BRIEF DESCRIPTION OF THE DRAWINGS

Several embodiments of the invention will now be further described in the following more detailed description of the specification when read with reference to the accompanying drawings in which:



FIG. 1 is an exemplary perspective view showing an OETO apparatus for continuous unwinding of yarns;



FIG. 2 is an exemplary top plan view of the apparatus for unwinding yarns shown in FIG. 1;



FIG. 3 is an exemplary detailed view of the drive control assembly;



FIG. 4 is an exemplary detailed perspective view of the path of the yarn through a guiding system that passes the yarn from the active or standby packages to the drive roll;



FIG. 5A is an exemplary exterior view of the electrical control box;



FIG. 5B is an exemplary interior of the electrical control box;



FIG. 5C is an exemplary schematic diagram of the electrical control box;



FIG. 6A is an exemplary perspective view showing an OETO apparatus for continuous unwinding of yarns;



FIG. 6B is an exemplary top plan view of the apparatus for unwinding yarns shown in FIG. 6A;



FIG. 7 is an exemplary graph showing test results of tension measurements on a yarn without anti-tack additives using the OETO apparatus of the present invention;



FIG. 8 is another exemplary graph showing test results of tension measurements on a yarn without anti-tack additives using the OETO apparatus of the present invention;



FIG. 9 is an exemplary graph showing test results of tension measurements on a yarn with anti-tack additives using the OETO apparatus of the present invention;



FIG. 10 is another exemplary graph showing test results of tension measurements on a yarn with anti-tack additives using the OETO apparatus of the present invention;



FIG. 11 is an exemplary graph showing tension measurement test results on a yarn on a rewound package using the OETO apparatus of the present invention; and



FIG. 12 is an exemplary graph showing tension measurement test results on an as-spun with anti-tack OETO yarn package that is unwound with the OETO apparatus of the present invention.



FIG. 13 illustrates how a desired angular orientation θ is maintained between the active package and the central leg of the frame of the apparatus of the invention.





DETAILED DESCRIPTION OF THE INVENTION

The apparatus for unwinding yarns of the present invention allows for the cost efficient use of an OETO method with rewound yarn and/or as-spun OETO yarn with anti-tack additives.
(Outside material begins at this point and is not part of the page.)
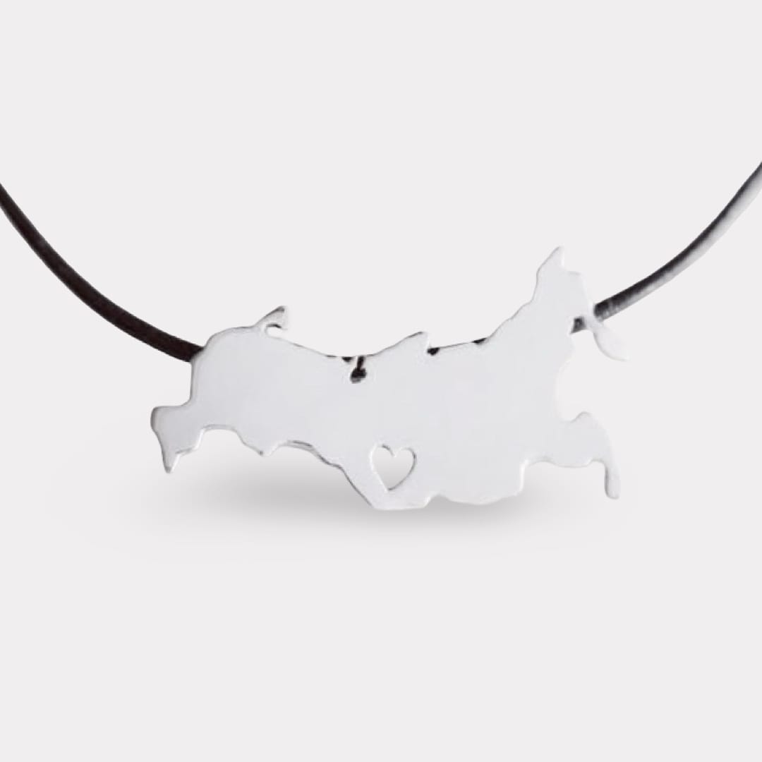 This striking necklace features a pendant in the full silhouette of Russia, meticulously hand-sawed and finished in solid 925 sterling silver. With a clean matte finish and organic contours, the piece balances minimalist design with symbolic weight.

In particular, the apparatus of the present invention continuously unwinds as-spun OETO yarns and delivers a relatively constant yarn tension in a relatively small footprint. This provides for improved efficiency in manufacturing processes.



FIG. 1 is an exemplary perspective view showing one embodiment of the apparatus of the present invention for continuous unwinding of yarns. FIG. 1 shows a frame 110 with two pivoting legs 111, 113 that are connected to a central leg portion 109 shown in FIG. 1 as two parallel posts with bridging supports therebetween. Central leg 109 thus extends from one side of frame 110 in the embodiment shown in FIG. 1.


The pivoting legs 111, 113 contain pivoting yarn holding arms 120 (FIG. 2). The pivoting yarn holding arms 120 hold creels for up to eight packages 105 on each of the pivoting legs 111, 113. The packages 105 may be either active packages or standby packages. The pivoting legs 111, 113 of the frame 110 are set at acute angles (α12) relative to the central leg 109 in order to provide a versatile and small footprint for the frame 110. The acute angles (α12) are in the range of 0° to 90°. As a result, the frame can be configured with various orientations of the two pivoting legs 111, 113 to optimize space on a manufacturing floor.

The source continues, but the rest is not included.